◆ YOUR INSTRUCTIONS ◆
What needs reproducing is the run of lines in the data below starting at the line with "Effect of 1g" and ending at the line with "Cụ thể, tính", both ends included. Copy it exactly, without pictures, and add nothing.

◆ ENTRIES SHOWN ◆
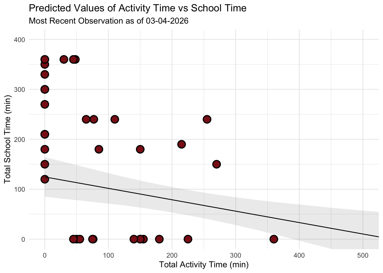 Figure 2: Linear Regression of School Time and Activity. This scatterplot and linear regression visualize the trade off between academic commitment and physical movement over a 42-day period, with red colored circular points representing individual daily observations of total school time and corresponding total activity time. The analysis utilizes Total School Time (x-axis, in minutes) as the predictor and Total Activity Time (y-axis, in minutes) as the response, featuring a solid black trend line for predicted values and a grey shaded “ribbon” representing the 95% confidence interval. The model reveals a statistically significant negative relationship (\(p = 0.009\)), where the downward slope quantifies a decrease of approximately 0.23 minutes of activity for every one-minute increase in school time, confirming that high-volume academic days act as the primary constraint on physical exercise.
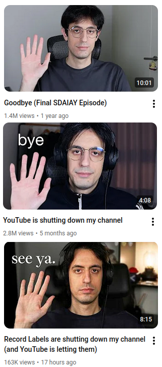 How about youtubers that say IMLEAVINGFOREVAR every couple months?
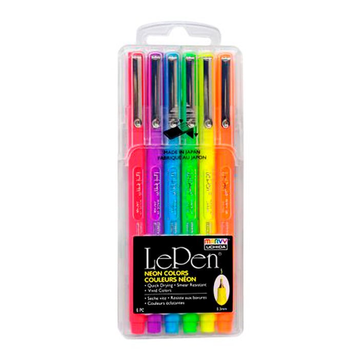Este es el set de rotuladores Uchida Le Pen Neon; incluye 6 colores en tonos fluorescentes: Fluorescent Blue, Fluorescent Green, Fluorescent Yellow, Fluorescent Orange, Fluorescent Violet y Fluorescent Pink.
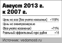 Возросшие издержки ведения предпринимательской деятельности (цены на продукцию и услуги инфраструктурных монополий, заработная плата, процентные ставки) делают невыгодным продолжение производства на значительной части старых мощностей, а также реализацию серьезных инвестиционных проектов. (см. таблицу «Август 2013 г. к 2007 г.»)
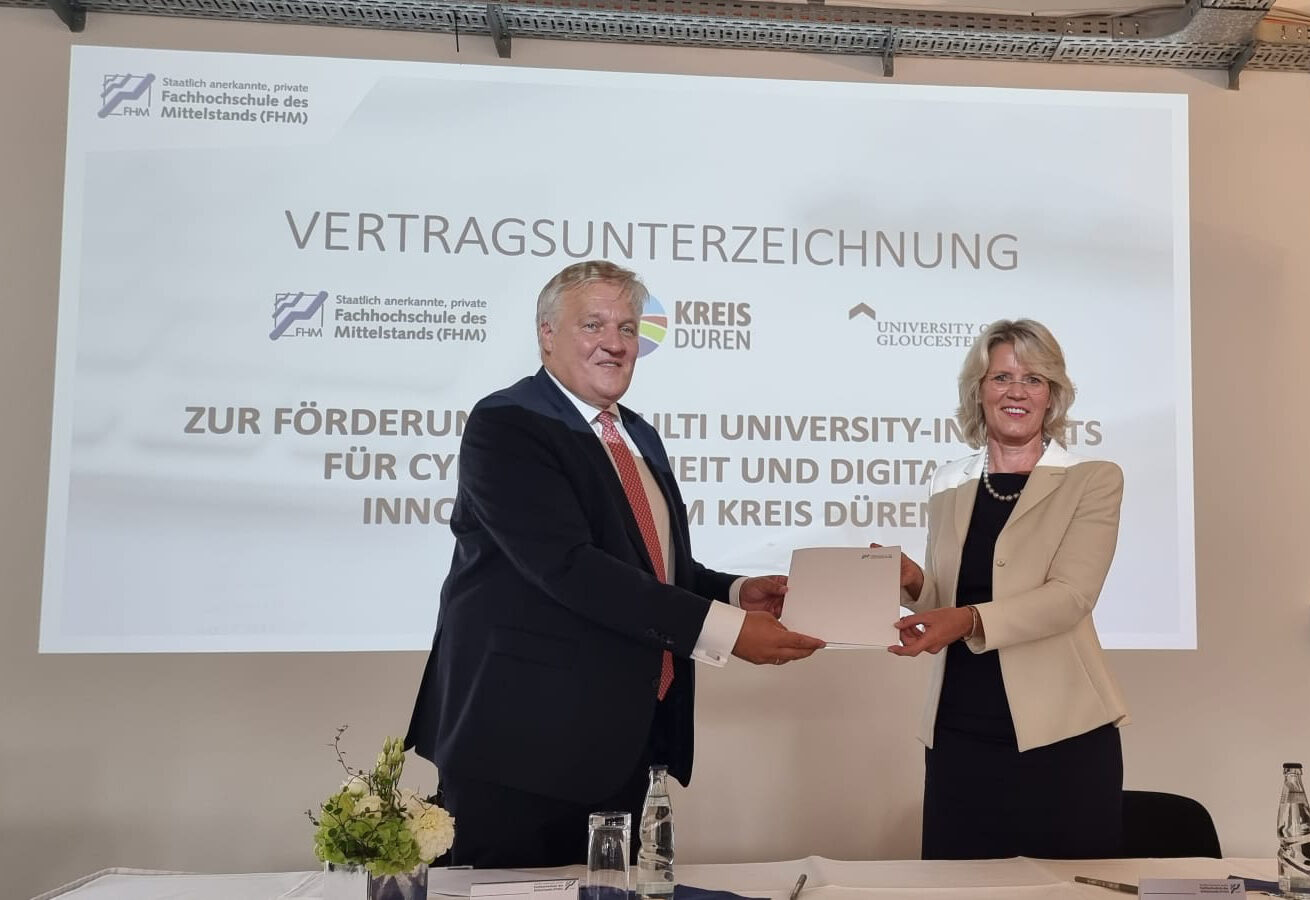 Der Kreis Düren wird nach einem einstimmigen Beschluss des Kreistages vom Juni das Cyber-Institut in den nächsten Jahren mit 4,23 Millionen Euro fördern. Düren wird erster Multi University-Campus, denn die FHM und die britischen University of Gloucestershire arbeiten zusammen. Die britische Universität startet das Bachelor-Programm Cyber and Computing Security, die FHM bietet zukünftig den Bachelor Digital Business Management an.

--

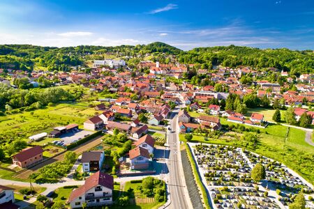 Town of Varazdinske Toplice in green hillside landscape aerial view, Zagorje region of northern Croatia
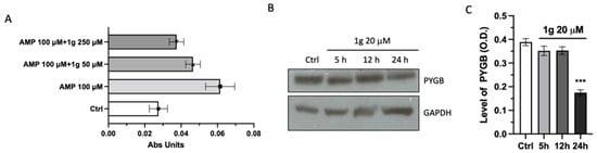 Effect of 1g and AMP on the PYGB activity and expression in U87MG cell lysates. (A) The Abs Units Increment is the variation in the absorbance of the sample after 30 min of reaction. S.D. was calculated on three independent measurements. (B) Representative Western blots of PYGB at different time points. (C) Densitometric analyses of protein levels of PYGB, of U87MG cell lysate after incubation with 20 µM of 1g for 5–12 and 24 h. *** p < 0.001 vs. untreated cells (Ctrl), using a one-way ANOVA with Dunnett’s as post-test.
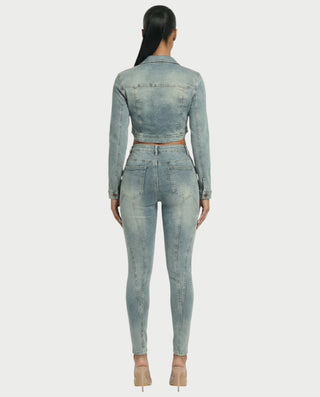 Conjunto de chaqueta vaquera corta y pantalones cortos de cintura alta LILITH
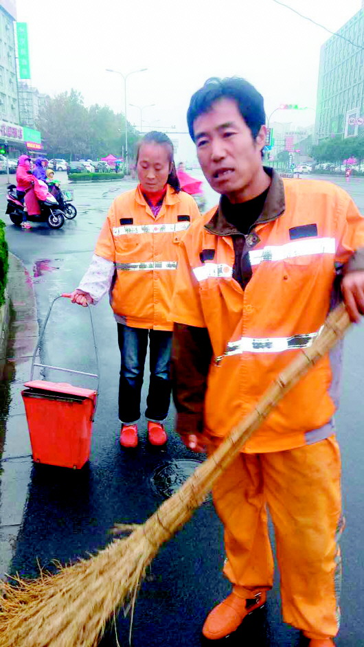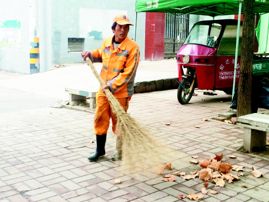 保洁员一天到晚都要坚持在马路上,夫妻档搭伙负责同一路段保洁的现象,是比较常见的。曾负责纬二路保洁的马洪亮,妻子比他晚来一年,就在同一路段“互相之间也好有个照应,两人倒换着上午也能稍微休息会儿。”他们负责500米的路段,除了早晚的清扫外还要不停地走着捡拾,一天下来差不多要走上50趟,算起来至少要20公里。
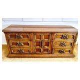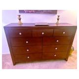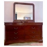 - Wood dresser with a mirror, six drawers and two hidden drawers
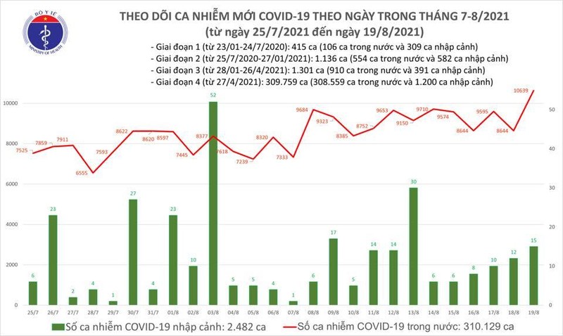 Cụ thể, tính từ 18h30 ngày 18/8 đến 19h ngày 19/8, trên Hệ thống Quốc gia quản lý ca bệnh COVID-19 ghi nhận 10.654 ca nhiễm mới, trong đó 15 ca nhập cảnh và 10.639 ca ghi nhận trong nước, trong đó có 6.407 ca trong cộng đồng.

◆ SOLUTION FOR THIS TASK ◆
 Effect of 1g and AMP on the PYGB activity and expression in U87MG cell lysates. (A) The Abs Units Increment is the variation in the absorbance of the sample after 30 min of reaction. S.D. was calculated on three independent measurements. (B) Representative Western blots of PYGB at different time points. (C) Densitometric analyses of protein levels of PYGB, of U87MG cell lysate after incubation with 20 µM of 1g for 5–12 and 24 h. *** p < 0.001 vs. untreated cells (Ctrl), using a one-way ANOVA with Dunnett’s as post-test.
 Conjunto de chaqueta vaquera corta y pantalones cortos de cintura alta LILITH
 保洁员一天到晚都要坚持在马路上,夫妻档搭伙负责同一路段保洁的现象,是比较常见的。曾负责纬二路保洁的马洪亮,妻子比他晚来一年,就在同一路段“互相之间也好有个照应,两人倒换着上午也能稍微休息会儿。”他们负责500米的路段,除了早晚的清扫外还要不停地走着捡拾,一天下来差不多要走上50趟,算起来至少要20公里。
 - Wood dresser with a mirror, six drawers and two hidden drawers
 Cụ thể, tính từ 18h30 ngày 18/8 đến 19h ngày 19/8, trên Hệ thống Quốc gia quản lý ca bệnh COVID-19 ghi nhận 10.654 ca nhiễm mới, trong đó 15 ca nhập cảnh và 10.639 ca ghi nhận trong nước, trong đó có 6.407 ca trong cộng đồng.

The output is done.